EELS creates a 3D map of its surroundings using four pairs of stereo cameras and lidar, which is similar to radar but employs short laser pulses instead of radio waves. With the data from those sensors, navigation algorithms figure out the safest path forward. The goal has been to create library of “gaits,” or ways the robot can move in response to terrain challenges, from sidewinding to curling in on itself, a move the team calls “banana.”
In its final form, the robot will contain 48 actuators—essentially little motors—that give it the flexibility to assume multiple configurations but add complexity for both the hardware and software teams. Thakker compares the actuators to “48 steering wheels.” Many of them have built-in force-torque sensing, working like a kind of skin so EELS can feel how much force it’s exerting on terrain. That helps it to move vertically in narrow chutes with uneven surfaces, configuring itself to push against opposing walls at the same time like a rock climber.
Last year, the EELS team got to experience those kinds of challenging spaces when they lowered the robot’s perception head—the segment with the cameras and lidar—into a vertical shaft called a moulin at Athabasca Glacier in the Canadian Rockies.
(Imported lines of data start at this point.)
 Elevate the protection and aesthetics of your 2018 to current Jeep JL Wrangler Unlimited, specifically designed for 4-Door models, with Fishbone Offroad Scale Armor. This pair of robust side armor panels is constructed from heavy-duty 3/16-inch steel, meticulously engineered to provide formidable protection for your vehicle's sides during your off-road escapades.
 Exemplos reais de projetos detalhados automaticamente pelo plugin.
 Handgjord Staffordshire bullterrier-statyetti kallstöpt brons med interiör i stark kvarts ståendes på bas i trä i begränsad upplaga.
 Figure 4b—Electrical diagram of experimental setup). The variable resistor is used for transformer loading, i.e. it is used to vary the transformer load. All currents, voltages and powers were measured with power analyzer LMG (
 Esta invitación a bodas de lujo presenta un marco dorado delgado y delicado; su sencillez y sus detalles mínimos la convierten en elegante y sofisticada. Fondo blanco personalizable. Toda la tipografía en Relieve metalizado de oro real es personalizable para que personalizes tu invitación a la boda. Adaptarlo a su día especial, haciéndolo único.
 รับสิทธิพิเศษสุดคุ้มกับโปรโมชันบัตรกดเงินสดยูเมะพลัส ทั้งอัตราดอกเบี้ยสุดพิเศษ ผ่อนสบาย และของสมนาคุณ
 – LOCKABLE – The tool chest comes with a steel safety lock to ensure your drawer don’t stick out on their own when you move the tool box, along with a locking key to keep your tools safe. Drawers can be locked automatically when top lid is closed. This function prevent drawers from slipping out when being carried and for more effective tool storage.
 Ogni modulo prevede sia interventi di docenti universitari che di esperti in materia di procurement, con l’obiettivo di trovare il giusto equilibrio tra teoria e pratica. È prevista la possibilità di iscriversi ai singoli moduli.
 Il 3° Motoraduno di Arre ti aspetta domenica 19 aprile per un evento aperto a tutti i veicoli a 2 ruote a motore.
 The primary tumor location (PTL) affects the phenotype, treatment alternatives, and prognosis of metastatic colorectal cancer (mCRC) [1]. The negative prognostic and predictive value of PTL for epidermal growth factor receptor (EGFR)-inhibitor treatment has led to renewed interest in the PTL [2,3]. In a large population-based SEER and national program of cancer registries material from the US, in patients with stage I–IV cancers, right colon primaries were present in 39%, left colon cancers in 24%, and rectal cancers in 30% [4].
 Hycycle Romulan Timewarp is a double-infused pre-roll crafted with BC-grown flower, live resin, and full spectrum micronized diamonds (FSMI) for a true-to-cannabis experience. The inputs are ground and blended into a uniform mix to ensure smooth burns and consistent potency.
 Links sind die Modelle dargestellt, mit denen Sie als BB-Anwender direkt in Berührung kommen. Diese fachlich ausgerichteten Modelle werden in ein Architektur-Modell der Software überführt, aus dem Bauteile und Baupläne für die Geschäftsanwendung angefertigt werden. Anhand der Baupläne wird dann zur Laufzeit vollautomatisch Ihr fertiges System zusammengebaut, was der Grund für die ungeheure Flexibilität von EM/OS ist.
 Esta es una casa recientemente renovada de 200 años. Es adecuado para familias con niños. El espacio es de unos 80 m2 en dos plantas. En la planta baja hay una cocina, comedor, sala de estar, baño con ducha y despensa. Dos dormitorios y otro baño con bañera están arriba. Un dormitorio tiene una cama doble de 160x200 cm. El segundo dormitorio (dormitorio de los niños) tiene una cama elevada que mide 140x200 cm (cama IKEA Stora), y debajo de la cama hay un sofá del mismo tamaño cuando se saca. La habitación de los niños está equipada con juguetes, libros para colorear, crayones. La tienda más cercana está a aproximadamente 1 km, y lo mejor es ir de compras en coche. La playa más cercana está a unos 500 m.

In September, they’re returning to the location, which is in many ways an analog for icy moons in our solar system, with a version of the robot designed to test subsurface mobility. The team will drop a small sensor suite—to monitor glacier chemical and physical properties—that EELS will eventually be able to deploy to remote sites.
“Our focus so far has been on autonomous capability and mobility, but eventually we’ll look at what science instruments we can integrate with EELS,” Robinson said. “Scientists tell us where they want to go, what they’re most excited about, and we’ll provide a robot that will get them there. How? Like a startup, we just have to build it.”